My mango turnover recipe was inspired by the traditional guava turnover. I prefer mangos, so why not make a mango turnover instead? These sweet treats can be served as an after-dinner dessert, as an afternoon snack with coffee, or for breakfast.
The cashews in the recipe are optional. You can leave them out if you're allergic to nuts or just don't like them. As for the puff pastry, you can buy it frozen if you don't want to make your own. Just follow the manufacturer's directions for handling it. This recipe assumes you'll buy it.
- 1 pound frozen puff pastry, thawed and cut into 4 inch squares
- Ground cinnamon, nutmeg, and cloves to taste
- 1 cup mango preserves
- 1/4 cup cashews, chopped
- 1 egg, beaten
- Confectioners' sugar for dusting the baked turnovers
- Butter to grease the cookie sheet
- 1 sheet Parchment paper
Gather the ingredients.
Grease a cookie sheet and line it with parchment paper.

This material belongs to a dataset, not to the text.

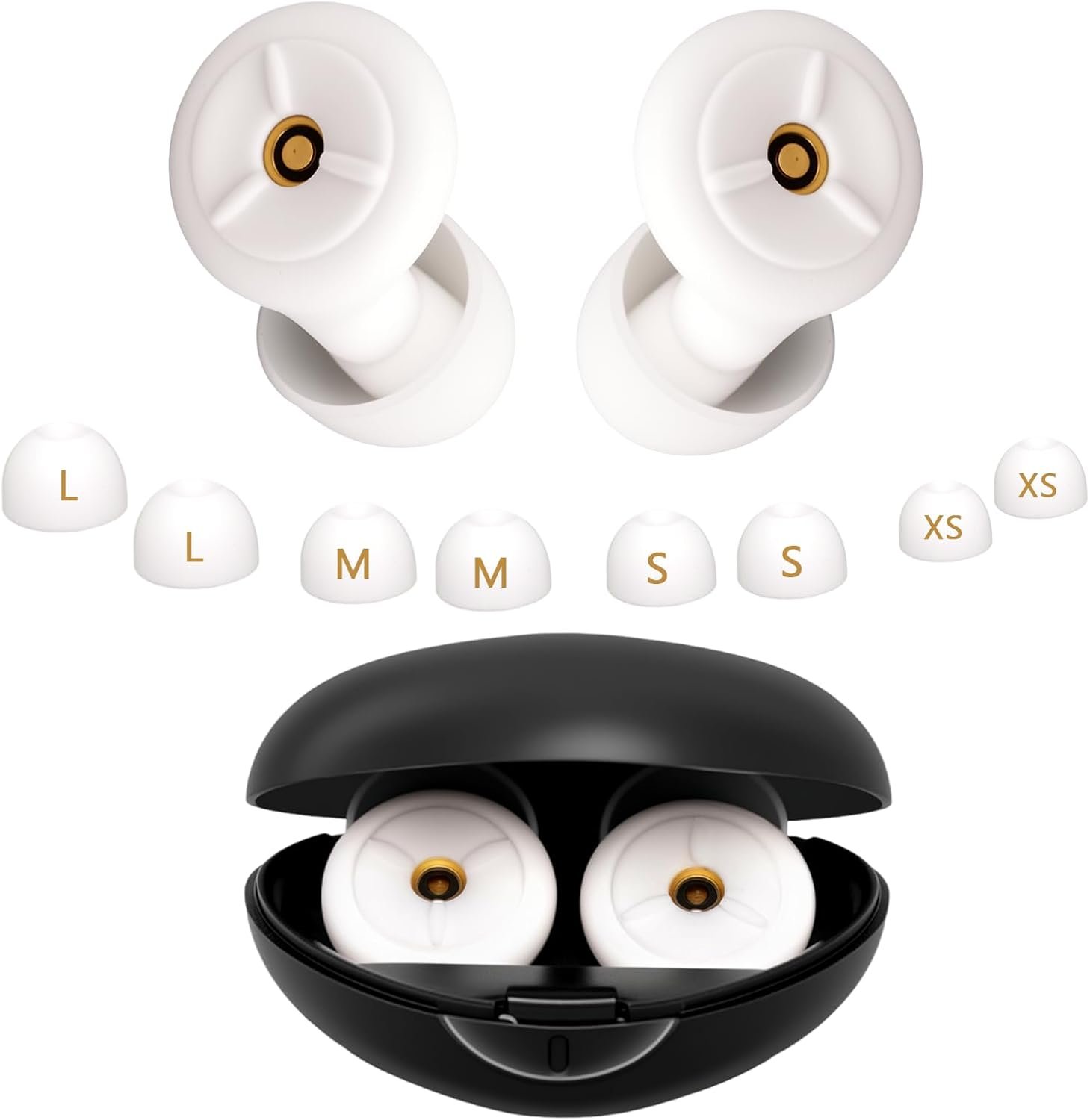 4-Size Ear Plugs for Noise Reduction Comfort:Ultra-soft silicone earplugs with contoured tips (XS-L) adapt to all ears. Sleep-friendly design stays secure during movement. Lightweight travel essentials at 0.1oz/pair, washable for daily protection.

Mix the mango preserves with the chopped cashews in a bowl and set the bowl aside.
Lightly sprinkle each pastry square with the spices.
Place 1½ tablespoons of the mango mix in the middle of each pastry square.

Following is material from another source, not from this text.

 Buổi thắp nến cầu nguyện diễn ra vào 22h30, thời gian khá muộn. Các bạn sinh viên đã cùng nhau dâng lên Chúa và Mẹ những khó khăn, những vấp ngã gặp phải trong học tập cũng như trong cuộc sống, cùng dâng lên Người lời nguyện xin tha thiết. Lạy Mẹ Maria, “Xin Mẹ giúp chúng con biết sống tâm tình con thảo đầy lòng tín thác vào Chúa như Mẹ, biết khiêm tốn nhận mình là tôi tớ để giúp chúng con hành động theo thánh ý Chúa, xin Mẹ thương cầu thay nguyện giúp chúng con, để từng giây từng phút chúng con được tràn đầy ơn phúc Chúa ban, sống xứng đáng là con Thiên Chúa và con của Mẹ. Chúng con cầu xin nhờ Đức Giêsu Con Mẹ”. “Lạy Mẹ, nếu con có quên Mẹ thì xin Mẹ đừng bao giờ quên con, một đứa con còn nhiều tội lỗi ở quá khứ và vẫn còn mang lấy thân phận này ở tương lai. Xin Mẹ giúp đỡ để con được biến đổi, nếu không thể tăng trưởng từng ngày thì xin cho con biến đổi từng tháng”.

Brush the edges of each pastry square with the beaten egg, then fold it over to form a triangle, enclosing the mango mix.
Place the pastries about 2 inches apart on the prepared cookie sheet. Place the cookie sheet in the refrigerator and chill the turnovers for 30 minutes. Meanwhile, preheat the oven to 350 F.
Place the turnovers in the preheated oven after 30 minutes of refrigeration. Bake them for 25 to 30 minutes. They should turn a light gold color.
Remove the turnovers from the oven and dust them with the confectioners' sugar. Allow them to cool before serving.
- The amount of cinnamon, nutmeg, and cloves you'll use is a matter of taste. You don't have to use equal measures of each. In fact, I go light on the cloves and heavier on the cinnamon. Experiment with different mixtures of the spices until you find one you like or add some of your own.